There are 3 RCTs comparing surgical repair (two open, one percutaneous) followed by functional aftercare with functional non-surgical treatment (Thermann 1995, Webb 2000, Twaddle 2007). All of these have some methodological issues and none are large, so should probably be considered level 2 rather than level 1 evidence. Nevertheless none showed any difference in functional outcome between surgical and non-surgical treatment. The re-rupture rate was 3.8% in surgically treated patients and 5.7% in non-surgically treated patients; the wound infection rate was 3.8%. It is interesting that the non-surgical re-rupture rate was less than half that of the pooled trial data.

Examining the re-rupture rates in case series of non-surgical functional treatment produces a rate of 33/548 (6.0%). In series of functional post-operative care it was 19/641 (3.0%). Perhaps the advantage of surgery in avoiding re-ruptures is less than was thought - these figures suggest 33 patients need to have surgery to avoid one re-rupture.

Interestingly, Moller (2001)reported a RCT in which the re-rupture rate was 1.7% after surgery and 20.8% after non-surgical treatment - an impressive difference, but the surgically treated patients had post-op care in a functional brace with weightbearing and active exercise after 2 weeks, whereas the non-surgically treated patients wore a cast for 8 weeks and were nonweightbearing for 4 weeks. Perhaps the difference in re-ruptures was more to do with after-care than surgery?

Larger RCTs of modern care with better methodology are required.
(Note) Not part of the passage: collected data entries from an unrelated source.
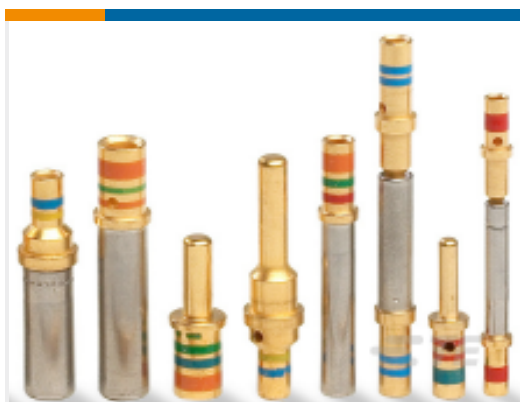
TE 产品编号ZPF000000000000545 020-0008-20
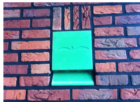
Opvallende prefab vleermuiskast in het buitenblad
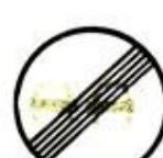
3.21 Конец зоны запрещения обгона
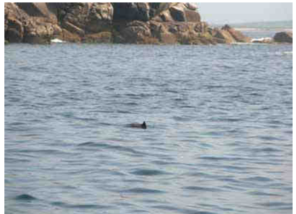
Nous voila accompagnés par les dauphins...
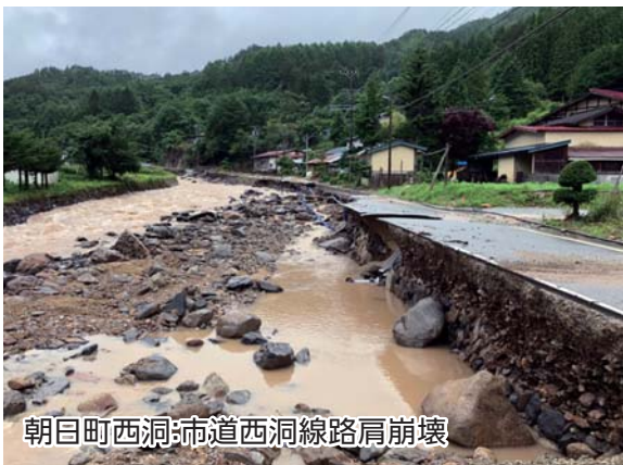
朝日町西洞:市道西洞線路肩崩壊

7月9日午後1時30分には、土砂災害警戒情報が解除されたため、市内全域に発令していた警戒レベル4 避難指示は解除しました。しかし、7月11日午後5時30分に再び土砂災害警戒情報が発表されたため、高根町の一部に警戒レベル4 避難勧告を発令しました。
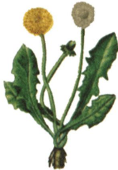
выращен на равнине

Изменчивость одуванчика, выращенного из одного корня
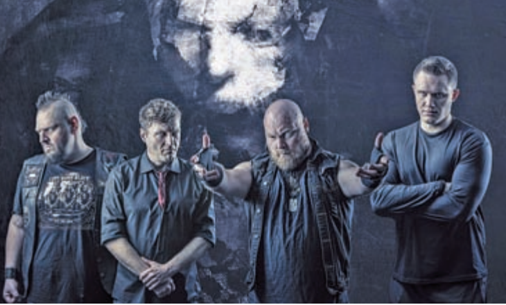
THE CRIMSON GHOSTS SUBKULTUR, 17.1.
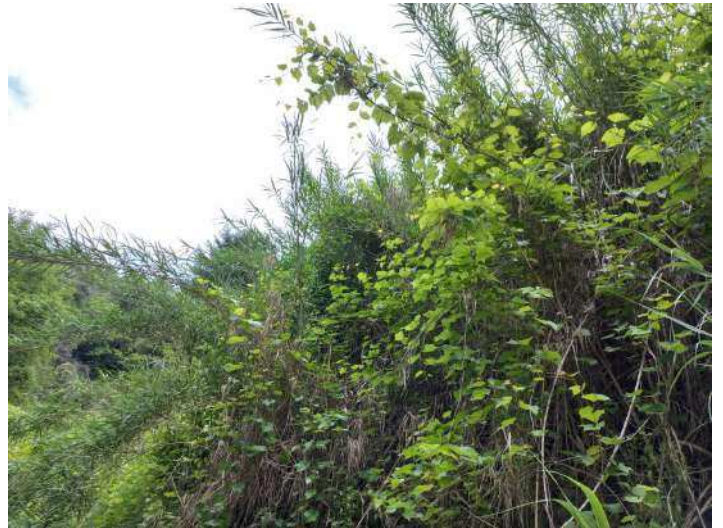
FOTO 5 - Rampicante
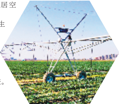
岱山现代农业产业园插上“数字化”翅膀
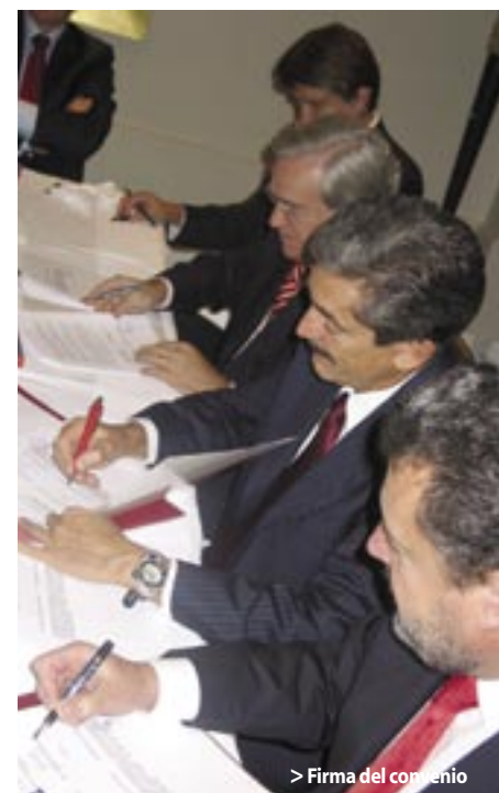
> Firma del convenio

Hotel Four Seasons de la Ciudad de México, el pasado 25 de octubre. Al finalizar la firma del convenio, las personalidades asistentes se tomaron la foto del recuerdo, departieron e intercambiaron comentarios con alumnos y exalumnos emprendedores del Tecnológico de Monterrey procedentes de los campus que la institución tiene en el Valle de México.
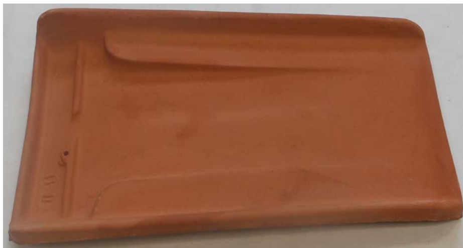
Figura 1. Riproduzione fotografica di un campione tal quale del prodotto "Tegola Rosso Naturale".

In Figura 1 viene riportata la fotografia di un campione tal quale rappresentativo del prodotto testato: da 6 tegole tal quali sono stati ottenuti, per taglio ad umido, 6 provini di dimensioni 5 x 5 cm e 2 provini di dimensioni 10 x 10 cm (Figura 2), sui quali sono state effettuate le determinazioni sperimentali oggetto del presente rapporto, così come indicato nella norma di Rif. 2-c.
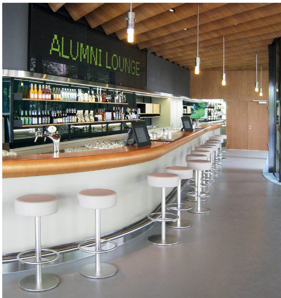
01 Die geschwungene Theke ist das Rückgrat der Lounge
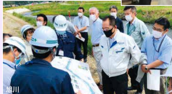
建設常任委員会道内調査(8月24日～26日)
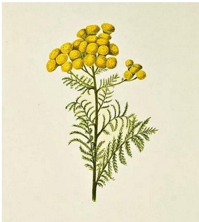
Slika 1. Biljka smilja
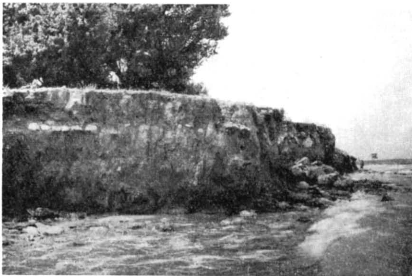
Рис. 2. Городище Маслини в ур. Чеголтай поблизу с. Северного.
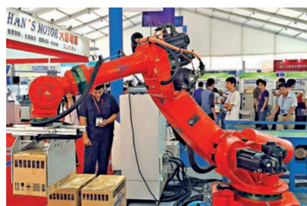
▲佛山將於年內啓建國家級製造業創新中心

【大公報訊】記者方俊明佛山報道：「製造業大市」佛山正攜手廣州打造珠三角灣區世界級城市群核心。記者2日從佛山
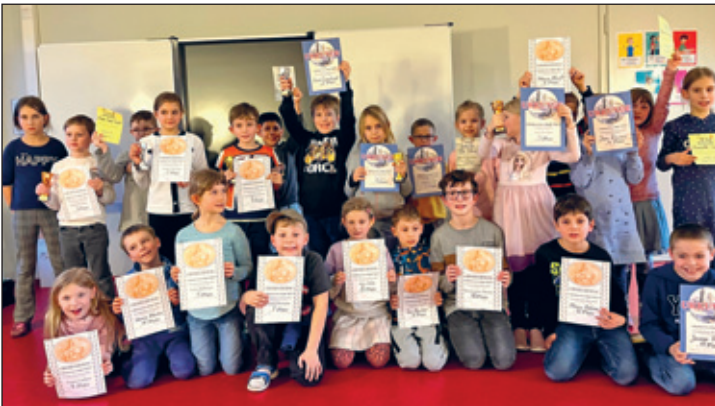
Die Teilnehmer aus allen Klassenstufen vom Schachturnier
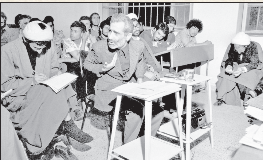
۶ فروردین ۱۳۵۸. منوچهر آزمون وزیر کار و امور اجتماعی در دولت میرعباس هویدا، در حال ایراد دفاعیات خویش در دادگاه انقلاب اسلامی. در تصویر مهدی کربویی نیز دیده می‌شود
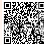
扫码观看数字人播报

这一年,全市商务人一着不让抓好经济运行,规模稳健向上,结构持续优化;一马当先发力招商引资,体系更加健全,项目持续突破;一以贯之推进改革赋能,提升载体能级,厚植营商沃土;一心一意增进民生福祉,完善商业布局,消费供需两旺。回顾商务人一年来的奋斗之路,有一些闪亮的坐标让人记忆深刻。

In the meantime, we currently use surgical and non-surgical treatment regimes based on those of Webb et al, using a walker boot in which the patient can do protected exercises with the front flap of the boot to block excessive dorsiflexion. We advise patients that non-surgical treatment probably has a higher risk of re-rupture and may produce a slightly weaker calf, but avoids the complications of surgery and that overall the functional results are similar for most patients. We find that about 1/3 opt for surgery and 2/3 for non-surgical treatment, with the main determinant being level of sporting activity.

Delayed reconstruction

A few patients present for treatment weeks or even months after rupture, or sustain a re-rupture. Occasionally, they have little functional deficit and surgery seems to have little to offer. Either surgical or non-surgical treatment may be used. All trials of non-surgical treatment exclude patients more than 1-2 weeks from injury so their results cannot be applied to late presentations or re-ruptures, so surgery is often advised.

Small gaps can generally be closed either by primary suture or a turn-down flap. Gaps from 3-6cm can usually be closed by a turn-down flap or a V-Y advancement of the tendon (larger gaps may be closed with these techniques depending on the quality and amount of gastrocnemius aponeurosis available - our record is 15cm - but this cannot necessarily be relied on and we always ask patients for consent to FHL transfer).

Larger gaps usually require a tendon transfer or the use of artificial implants (Jennings and Sefton 2002). The main donor options are the plantaris, peroneus longus or flexor hallucis longus. FHL has the advantage of being in phase with the Achilles tendon, is stronger than peroneus brevis and readily harvested. The donor site deficit is not functionally significant (Coull 2003). Plantaris is readily available but small; weave techniques have been described but enough tendon is not always available.


The results of late repair are not much, if at all, inferior to those of primary repair (Boyden et al 1995), although Boyden found that no repair restores the full strength of the Achilles tendon. This does allow us to ressure our patients that, in the event of a re-rupture they can still obtain acceptable results.